Clark nearly died following a game in Denver two years ago because of a rare blood disorder that is aggravated by playing in high altitude, so Steelers coach Mike Tomlin decided to hold him out of the game.


He said he didn’t want to risk Clark’s health or burden his teammates and family members with worry.


Carter capped his night with his second interception with 15 seconds left, and Clark, dressed in charcoal sweats and a smile on the sideline, jumped up and down in celebration.


Hines Ward caught two short touchdown passes from Ben Roethlisberger, including one in which he hauled in a pass in the flat and hurdled cornerback Champ Bailey on his way into the end zone, a final indignity for Denver that capped the scoring with 1:22 remaining and emptied the stadium.


Rashard Mendenhall rumbled over the Broncos for 155 yards on 22 carries as the Steelers (6-2) handed Denver its second straight loss after the Broncos opened the season 6-0 under rookie coach Josh McDaniels.


Carter’s first interception return gave Pittsburgh a 7-3 halftime lead even though the Steelers had generated just three first downs and were outgained 183-54 in the first half.


An ecstatic Clark was among the first players to swarm Carter, the first defender to pick off a Kyle Orton pass all season. His only interception before throwing three Monday night was a Hail Mary that Patriots wide receiver Randy Moss pulled down in a game last month.


As he left the field, Clark clicked his heels and jokingly hollered, “I’m going home, and I’m not playing the rest of the year.”


With the Steelers clinging to a 14-10 lead in the fourth quarter, safety Troy Polamalu snared another Orton pass, this one at the Broncos 25-yard line, leading to Roethlisberger’s 25-yard TD toss to rookie Mike Wallace.


Denver scored on its opening drive for the first time this season. But the Broncos had to settle for Matt Prater’s 40-yard field goal after cornerback William Gay broke up a pass at the 10 to Eddie Royal, who had three receptions for 47 yards on the 56-yard drive.

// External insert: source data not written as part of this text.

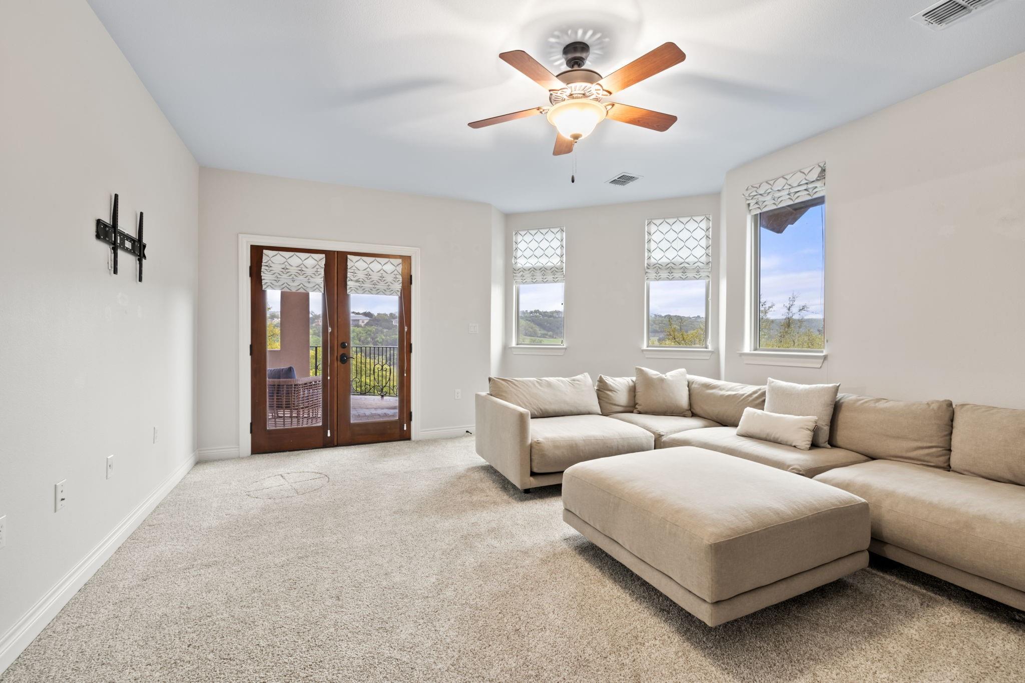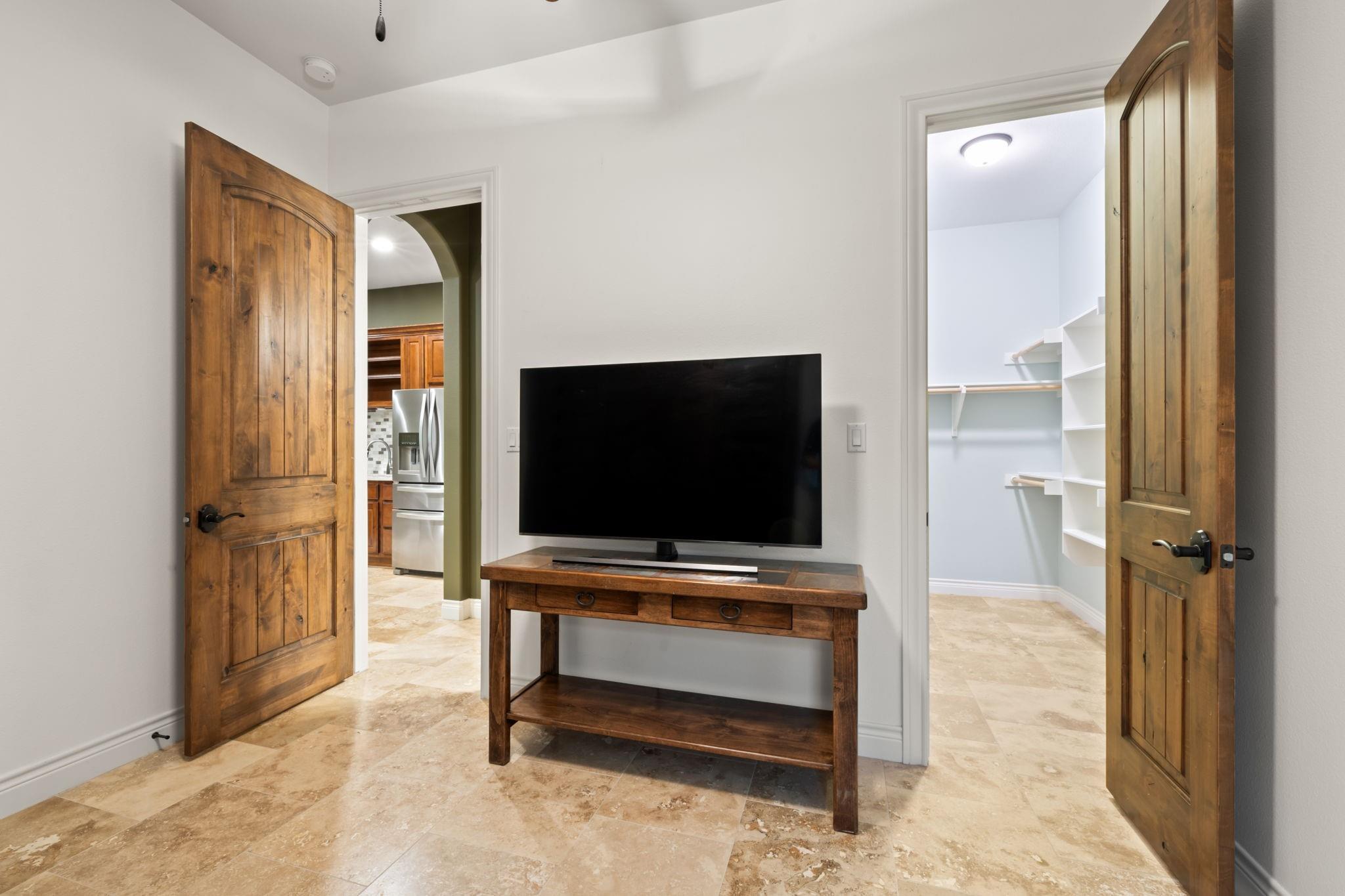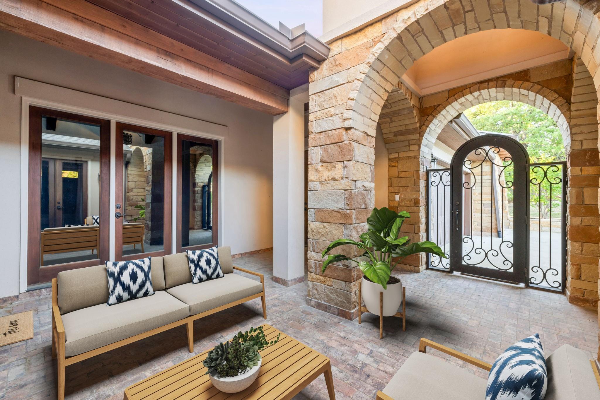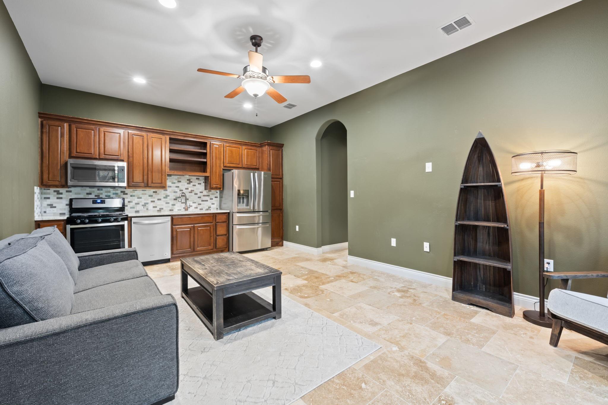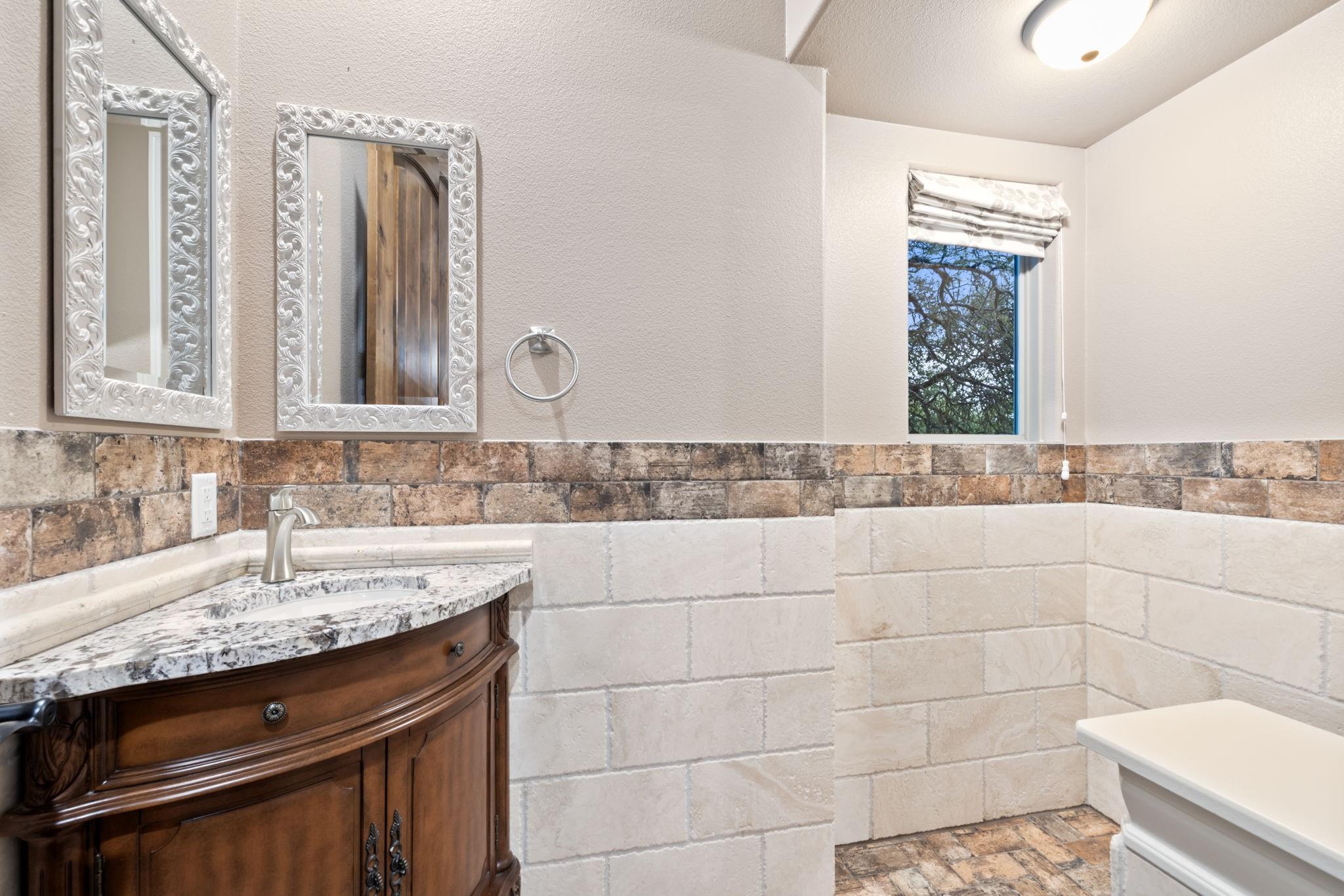 Immerse Yourself in Hill Country Opulence: Unparalleled Luxury awaits in this expansive Hill Country estate nestled within the prestigious La Ventana community. Spread across 2.44 private acres, this residence offers a sanctuary of unparalleled comfort and sophistication. Step Inside: Grand Design: The main home boasts 5 spacious bedrooms, 4 full baths, and a sophisticated powder room. Vaulted ceilings adorned with natural wood beams create a sense of grandeur, while custom-painted cabinetry and a large island with a subway tile backsplash elevate the gourmet kitchen to a chef's haven. Tranquil Retreat: An executive office, or optional 4th bedroom, features a hidden bookcase closet for a truly serene workspace overlooking a secured courtyard. Panoramic Paradise: The second level unveils a dedicated flex room, a 3rd bedroom, and dedicated workspace niche with its own private outdoor patio. Imagine waking up to breathtaking vistas of the sparkling pool, rolling Hill Country terrain, mesmerizing sunsets, and even a golf course! A Haven for Guests: Indulge your guests in unparalleled privacy with a separate 1 bedroom/1 bathroom apartment complete with a full kitchenette and living room. This self-contained haven boasts a built-in Murphy full sized bunk bed for added convenience, and a delightful spacious private yard. This apartment offers the perfect blend of independence and luxury. Outdoor Oasis: Embrace the Hill Country lifestyle with an expansive heated pool feat. an Oasis waterfall, a natural diving board, and a swim-up hot tub bar. Relax under the shade of a custom awning, or whip up a gourmet meal in the fully-equipped outdoor kitchen. A private, direct-access creek awaits just steps away, offering a tranquil escape into the heart and peace of the Hill Country. Beyond the Estate: Enjoy the plethora of additional amenities offered by the exclusive Ranchers Club, all within a short stroll from your doorstep.
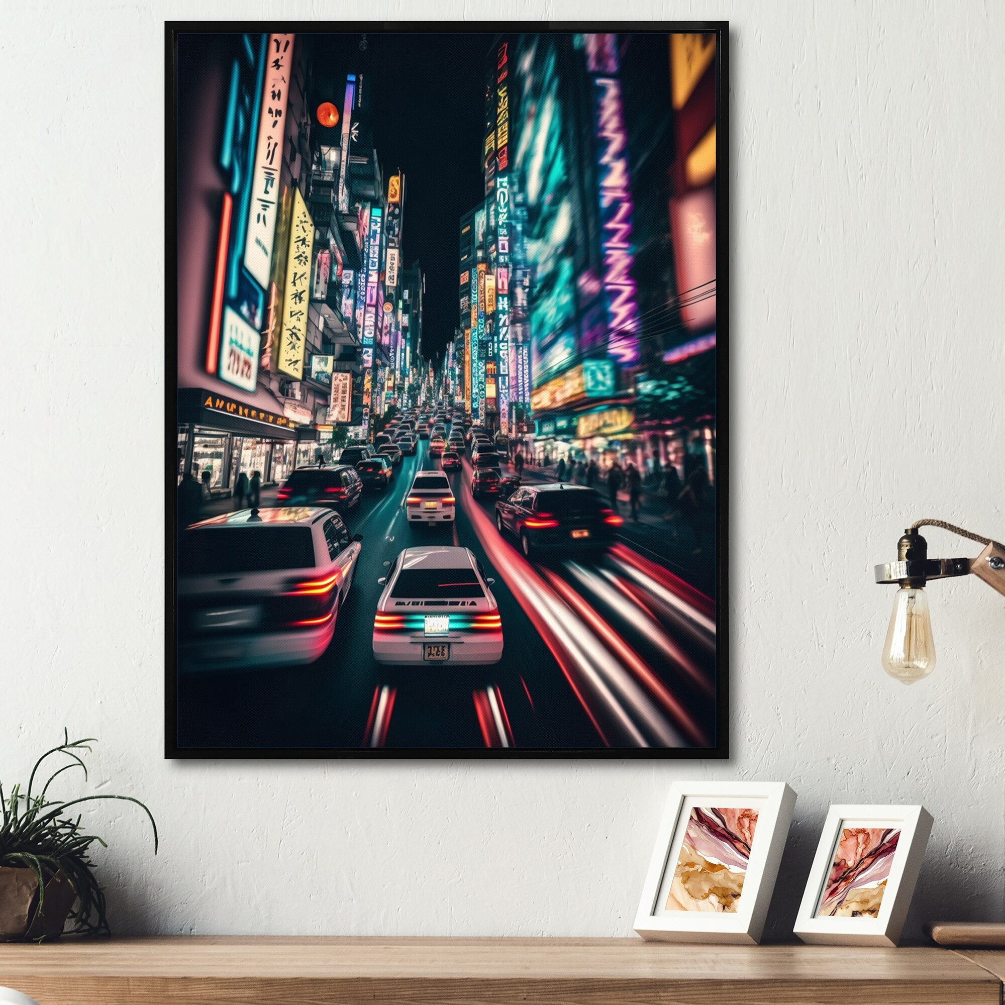Designart "Futuristic Tokyo Neon" Cityscapes Framed Canvas Art Print
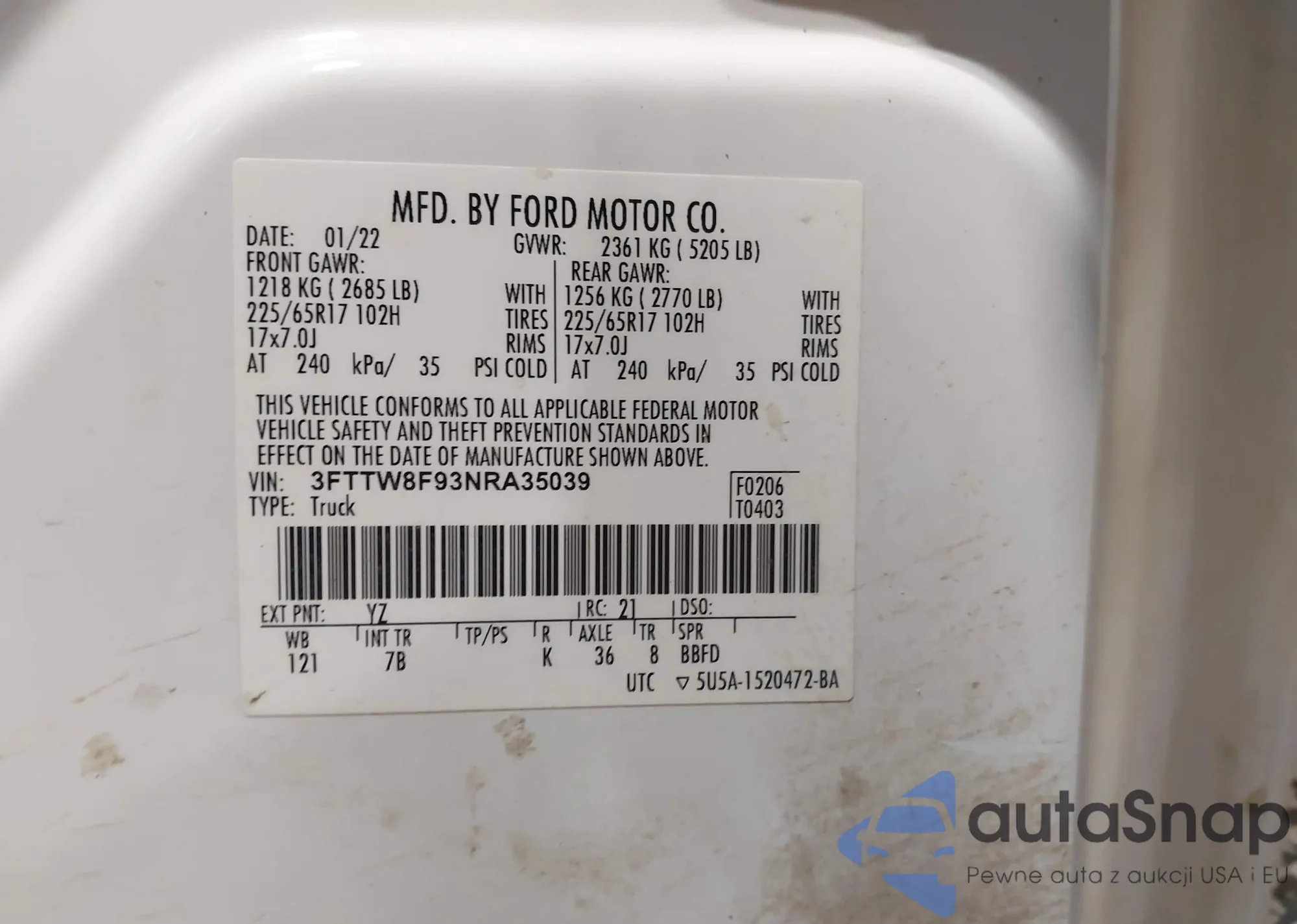 • VIN 3FTTW8F93NRA35039
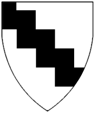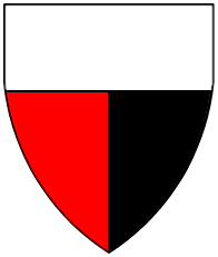 Per fess sable and argent, three lozenges in fess argent. | - | Ecker oder Dieperskircher | Strip III back page 3 | Rietstap blazons the arms of Ecker de Pöring as: Coupé: au 1, de sable, à trois losanges d'argent, rangées en fasce; au 2, d'argent plein. | |
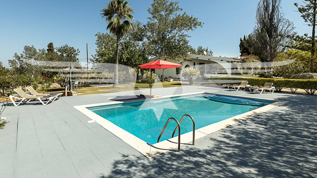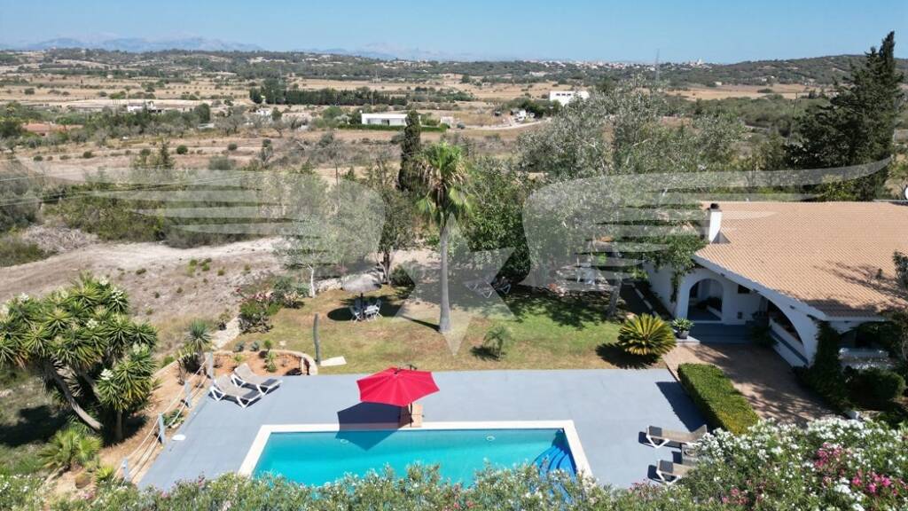 Das Highlight des Anwesens ist die große überdachte Veranda von ca. 60qm, die das ganze Jahr einen atemberaubenden über den Garten und den 10x5 Meter großen Swimmingpool, bis hin zur weiten, romantischen Landschaft von Mallorcas Inselmitte.
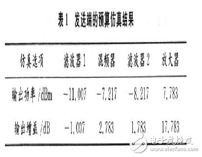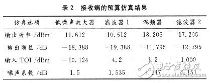 可得,系统总的IIP3=-9.75 dBm。同样在模拟设计环境下,对接收端进行预算仿真,仿真结果如表2所示。
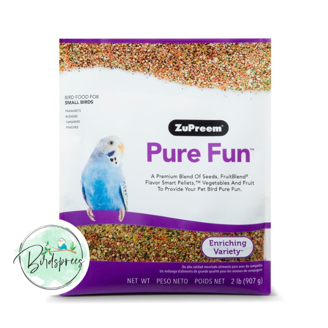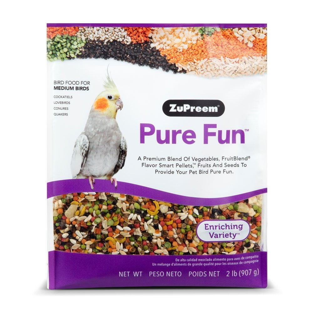 A premium blend of fruit, FruitBlend® Flavor Smart Pellets™ and vegetables to provide your pet bird pure fun. Pure Fun Bird Food for Small Birds is a premium blend of seeds, FruitBlend Flavor Smart Pellets, vegetables and fruit; Pure Fun‚ help to excite and enrich your pet bird. This blend includes a delicious mix of right-sized pieces for your bird which helps minimize wasted food.
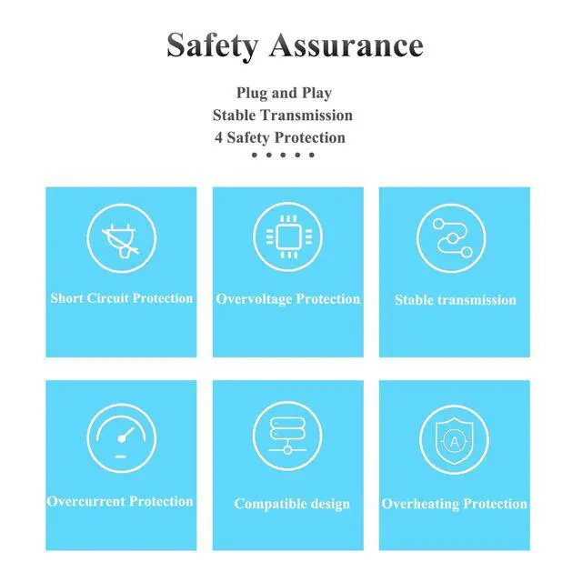Built in advanced chip, offer multiple protection to protect terminal device. Over current, short circuit, over voltage, over power protection.
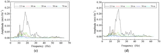 As can be seen from Figure 6, the excellent frequency band of the vibration velocity spectrum is distributed at 0~40 Hz. When the travel speed is low, there are two main frequencies near 10 Hz and 20 Hz. With the increase in travel speed, the vibration frequency band of 20 Hz is gradually significant. For the location far from the vibration source, the vibration intensity of each frequency decreases with the increase of distance, and the decay speed of high-frequency vibration is significantly higher than that of low-frequency vibration. The horizontal vibration velocity of the monitoring point is dominated by low-frequency vibration within 20 Hz.
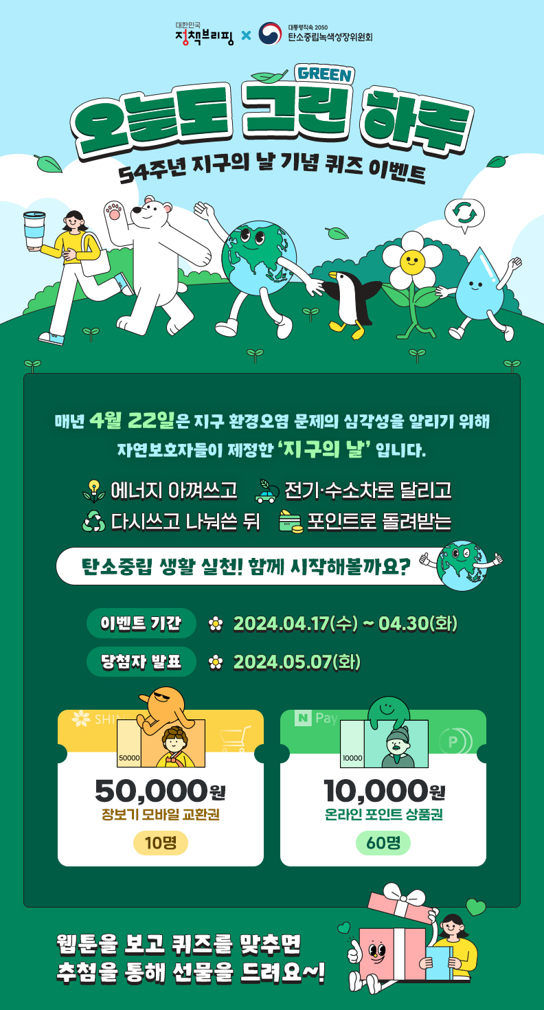 [지구의날 기념 퀴즈 이벤트] 오늘도 그린(GREEN) 하루

The Broncos stopped themselves over and over again on offense, with Orton making poor passes and bad decisions and his receivers making uncharacteristic mistakes.


Carter, who was Polamalu’s fill-in for a month when Polamalu had an injured knee earlier this season, had an easy pickoff when rookie running back Knowshon Moreno, Orton’s target, ran into an official as Orton was releasing the short pass over the middle, and Carter raced into the end zone untouched for a 7-3 lead.


The Broncos’ defense retaliated on the opening drive of the second half when Kenny Peterson swooped in and punctuated his first sack of the season by punching the ball out of Roethlisberger’s hands. Rookie linebacker Robert Ayers scooped it up and rumbled 54 yards for a touchdown that gave Denver a 10-7 lead.


It didn’t last long.


Roethlisberger, who was 21 for 29 for 233 yards, drove the Steelers 80 yards in four plays, hitting Ward with a 3-yard strike over the outstretched right arm of linebacker D.J. Williams to put Pittsburgh ahead for good, 14-10.


Roethlisberger drove the Steelers to the Denver 15 on the Steelers’ next possession, but he threw behind Ward in the end zone and cornerback Andre’ Goodman picked it off — Big Ben’s first red-zone interception since 2007.


The Steelers dominated the second half by going no-huddle with three-wide receiver sets, which kept Elvis Dumervil, who has 10˝ sacks, on the sideline much of the time.


Clark was one of three Steelers defensive starters sitting out, joining defensive end Travis Kirschke (calf) and linebacker Lawrence Timmons (ankle). It hardly mattered as Denver managed just 59 yards on six second-half drives.


By the closing minutes, Invesco Field was a sea of yellow Terrible Towels and thousands of empty blue seats, orange giveaway pom-pons littering the aisles.